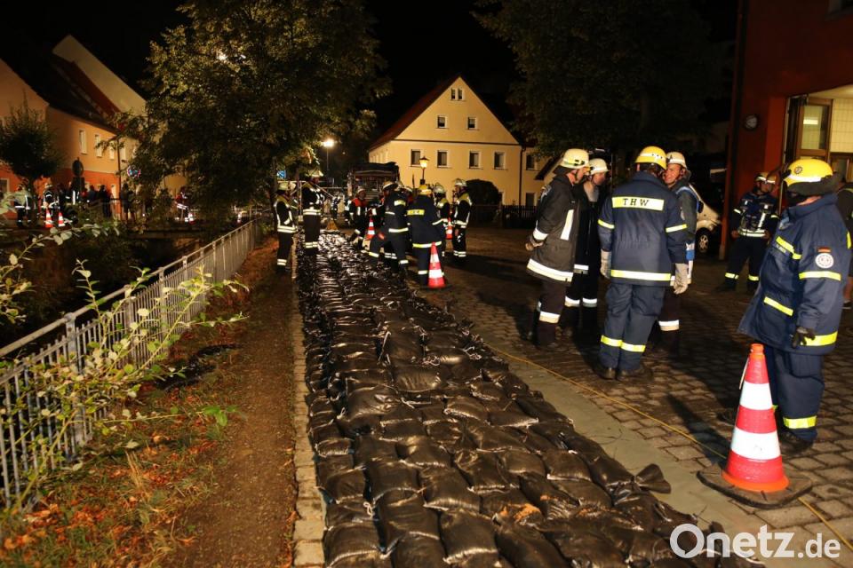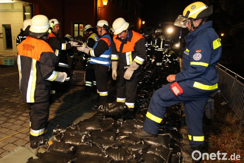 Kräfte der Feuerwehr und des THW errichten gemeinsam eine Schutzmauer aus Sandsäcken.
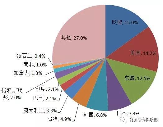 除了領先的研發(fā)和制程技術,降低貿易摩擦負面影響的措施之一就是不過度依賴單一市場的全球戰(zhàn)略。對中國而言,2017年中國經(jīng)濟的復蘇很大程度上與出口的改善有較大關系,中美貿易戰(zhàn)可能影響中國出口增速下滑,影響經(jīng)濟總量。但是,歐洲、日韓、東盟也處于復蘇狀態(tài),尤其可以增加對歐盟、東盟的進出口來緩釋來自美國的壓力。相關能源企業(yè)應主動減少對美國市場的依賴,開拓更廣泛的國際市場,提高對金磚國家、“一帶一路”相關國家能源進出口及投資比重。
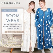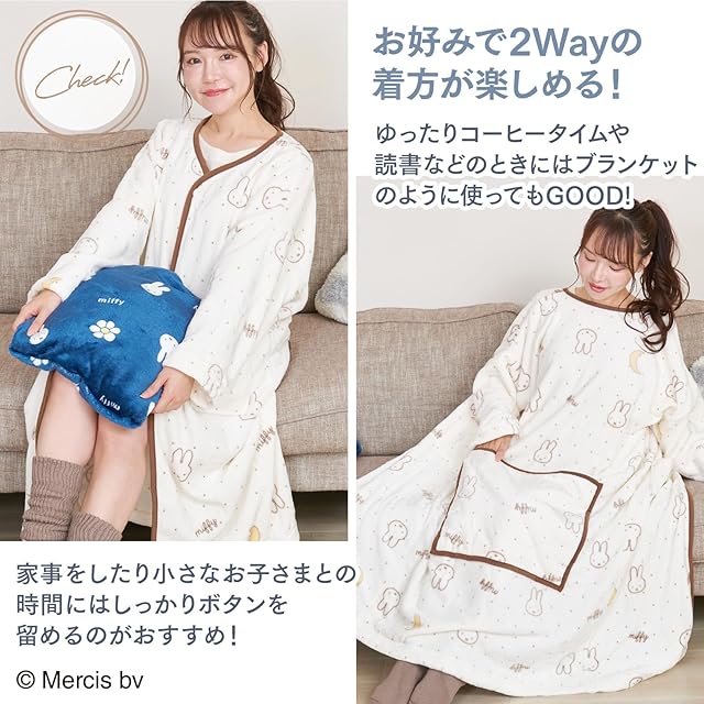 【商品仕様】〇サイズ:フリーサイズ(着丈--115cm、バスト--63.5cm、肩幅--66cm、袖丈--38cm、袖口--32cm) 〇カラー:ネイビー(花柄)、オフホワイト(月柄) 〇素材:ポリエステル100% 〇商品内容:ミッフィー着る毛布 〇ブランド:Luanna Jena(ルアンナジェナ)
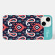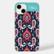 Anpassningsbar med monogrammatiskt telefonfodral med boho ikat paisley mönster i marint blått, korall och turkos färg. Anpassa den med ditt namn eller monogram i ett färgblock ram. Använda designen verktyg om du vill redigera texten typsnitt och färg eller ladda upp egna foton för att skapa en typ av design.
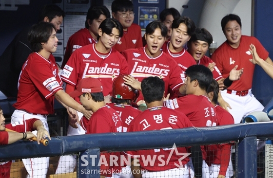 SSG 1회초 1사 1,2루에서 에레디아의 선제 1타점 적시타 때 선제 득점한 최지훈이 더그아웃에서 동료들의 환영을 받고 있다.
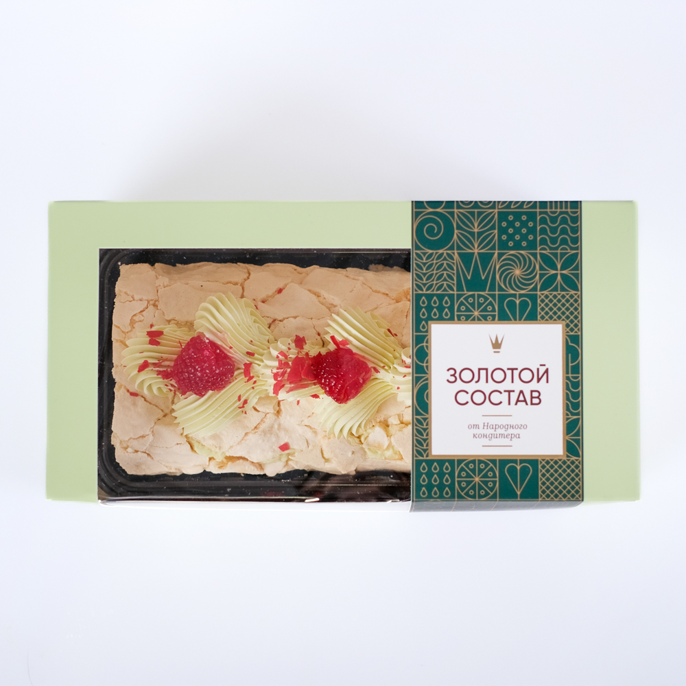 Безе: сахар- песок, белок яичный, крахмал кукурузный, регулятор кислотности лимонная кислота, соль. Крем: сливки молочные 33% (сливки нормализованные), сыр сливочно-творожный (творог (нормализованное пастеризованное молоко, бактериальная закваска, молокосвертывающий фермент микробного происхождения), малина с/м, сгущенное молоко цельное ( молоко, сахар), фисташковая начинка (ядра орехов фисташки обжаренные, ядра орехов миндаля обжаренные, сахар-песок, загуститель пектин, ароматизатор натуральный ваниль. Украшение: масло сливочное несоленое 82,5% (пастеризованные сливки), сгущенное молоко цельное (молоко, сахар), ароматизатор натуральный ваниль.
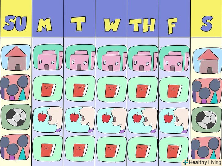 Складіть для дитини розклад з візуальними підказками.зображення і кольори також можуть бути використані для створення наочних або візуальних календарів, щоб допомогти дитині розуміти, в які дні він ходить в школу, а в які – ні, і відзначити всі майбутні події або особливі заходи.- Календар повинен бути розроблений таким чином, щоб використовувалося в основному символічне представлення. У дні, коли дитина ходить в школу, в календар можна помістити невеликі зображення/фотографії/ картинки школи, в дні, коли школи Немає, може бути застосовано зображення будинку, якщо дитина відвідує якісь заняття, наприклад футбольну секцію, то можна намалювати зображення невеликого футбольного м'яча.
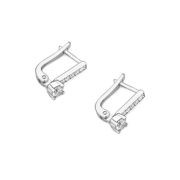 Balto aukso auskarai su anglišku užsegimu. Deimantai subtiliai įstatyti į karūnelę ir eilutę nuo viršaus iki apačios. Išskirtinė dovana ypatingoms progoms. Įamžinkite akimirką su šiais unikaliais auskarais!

_Task item_. Transcribe each entry above character for character, omitting pictures.

_Answer section_.
 Kräfte der Feuerwehr und des THW errichten gemeinsam eine Schutzmauer aus Sandsäcken.
 除了領先的研發(fā)和制程技術,降低貿易摩擦負面影響的措施之一就是不過度依賴單一市場的全球戰(zhàn)略。對中國而言,2017年中國經(jīng)濟的復蘇很大程度上與出口的改善有較大關系,中美貿易戰(zhàn)可能影響中國出口增速下滑,影響經(jīng)濟總量。但是,歐洲、日韓、東盟也處于復蘇狀態(tài),尤其可以增加對歐盟、東盟的進出口來緩釋來自美國的壓力。相關能源企業(yè)應主動減少對美國市場的依賴,開拓更廣泛的國際市場,提高對金磚國家、“一帶一路”相關國家能源進出口及投資比重。
 【商品仕様】〇サイズ:フリーサイズ(着丈--115cm、バスト--63.5cm、肩幅--66cm、袖丈--38cm、袖口--32cm) 〇カラー:ネイビー(花柄)、オフホワイト(月柄) 〇素材:ポリエステル100% 〇商品内容:ミッフィー着る毛布 〇ブランド:Luanna Jena(ルアンナジェナ)
 Anpassningsbar med monogrammatiskt telefonfodral med boho ikat paisley mönster i marint blått, korall och turkos färg. Anpassa den med ditt namn eller monogram i ett färgblock ram. Använda designen verktyg om du vill redigera texten typsnitt och färg eller ladda upp egna foton för att skapa en typ av design.
 SSG 1회초 1사 1,2루에서 에레디아의 선제 1타점 적시타 때 선제 득점한 최지훈이 더그아웃에서 동료들의 환영을 받고 있다.
 Безе: сахар- песок, белок яичный, крахмал кукурузный, регулятор кислотности лимонная кислота, соль. Крем: сливки молочные 33% (сливки нормализованные), сыр сливочно-творожный (творог (нормализованное пастеризованное молоко, бактериальная закваска, молокосвертывающий фермент микробного происхождения), малина с/м, сгущенное молоко цельное ( молоко, сахар), фисташковая начинка (ядра орехов фисташки обжаренные, ядра орехов миндаля обжаренные, сахар-песок, загуститель пектин, ароматизатор натуральный ваниль. Украшение: масло сливочное несоленое 82,5% (пастеризованные сливки), сгущенное молоко цельное (молоко, сахар), ароматизатор натуральный ваниль.
 Складіть для дитини розклад з візуальними підказками.зображення і кольори також можуть бути використані для створення наочних або візуальних календарів, щоб допомогти дитині розуміти, в які дні він ходить в школу, а в які – ні, і відзначити всі майбутні події або особливі заходи.- Календар повинен бути розроблений таким чином, щоб використовувалося в основному символічне представлення. У дні, коли дитина ходить в школу, в календар можна помістити невеликі зображення/фотографії/ картинки школи, в дні, коли школи Немає, може бути застосовано зображення будинку, якщо дитина відвідує якісь заняття, наприклад футбольну секцію, то можна намалювати зображення невеликого футбольного м'яча.
 Balto aukso auskarai su anglišku užsegimu. Deimantai subtiliai įstatyti į karūnelę ir eilutę nuo viršaus iki apačios. Išskirtinė dovana ypatingoms progoms. Įamžinkite akimirką su šiais unikaliais auskarais!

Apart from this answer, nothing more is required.